Sure enough, opening one of the boxes, I discovered a small collection of faded colored photographs that appear to have been taken in the mid 1960’s. Instantly, I was transported back in time to my childhood living room. There was that big old television – with its folding doors which protected me from Mighty Mouse as he burst onto the screen at the opening of each episode. And there was my brother, mid-afternoon, still in his bathrobe, clowning with my uncle and neighborhood friends. It’s amazing how many wonderful memories can emanate from one old photograph.
It’s a shame some of the photos and letters I found in the box were so faded. Luckily several letters were fairly legible and the photos still had some color to them. I especially enjoyed reading the letters my middle brother Stephen wrote me while he was away at college. Twelve years my senior, his writing conveyed levity, tenderness and love.

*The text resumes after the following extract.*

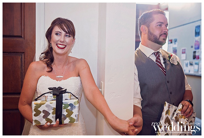 The day of the wedding, both Leia and Scott were beaming with excitement. All of the DIY details required a lot of set-up and direction from the couple; however, they did not want to see each other before the ceremony. They set up walkie-talkies and made a game out of avoiding each other. It was frustrating at times, and Leia even found herself hiding for a bit, but overall it was pure fun.

I must admit, reading the part where he asked me if I wanted to “play house” was a little creepy. Back in those days however, little girls loved to “play house.” There was nothing wrong with my brother wanting me to visit and help him straighten up his apartment; I was good at cooking, cleaning and ironing even at the tender age of 8. Other notations regarding schoolwork, music, friends, pets, and especially about my father were heartwarming. (Curious why he mentioned “witch” in both letters…I was always an “angel!”)

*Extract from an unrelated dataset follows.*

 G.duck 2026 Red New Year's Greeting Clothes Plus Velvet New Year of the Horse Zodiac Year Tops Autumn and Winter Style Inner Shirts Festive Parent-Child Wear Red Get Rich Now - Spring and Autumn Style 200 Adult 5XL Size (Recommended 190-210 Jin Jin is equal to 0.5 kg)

The last few years have been challenging for my brother. He faced a series of unexpected and unpleasant situations. I pray my brother continues to heal and hope revisiting these letters brings a smile to his face. We may live many miles apart, but he, along with my other brothers and sisters, are always close to my heart.
Discovering these priceless memories help me realize how truly blessed I am. These are feelings I didn’t recognize as a child. Today, everything is quick – a text here, a tweet or status update there. How many people actually take the time to sit down and write a letter? Not many. Life is so fast-paced that we often don’t realize how much we are missing. A simple note or letter is able to bring so much joy to another person, joy that brief electronic communication fails to convey.
I never did finish the letter to my brother; I wonder what I would have said next…but it would have ended with “Love, your sister Marybeth” (that’s now my alias!)
Call me old-fashioned or traditional, I don’t mind. Sometimes I feel I can’t live without all the new technology and make certain I’m current with it, as best I can be. At other times, I’d rather do things the way I used to, like making bread from scratch rather than using a bread machine (if I had one). Several minutes of vigorous kneading works wonders for a person’s sanity. The treasured little box I found brought me back to basics. I can’t wait to see what other wonderful memories are yet to be revived.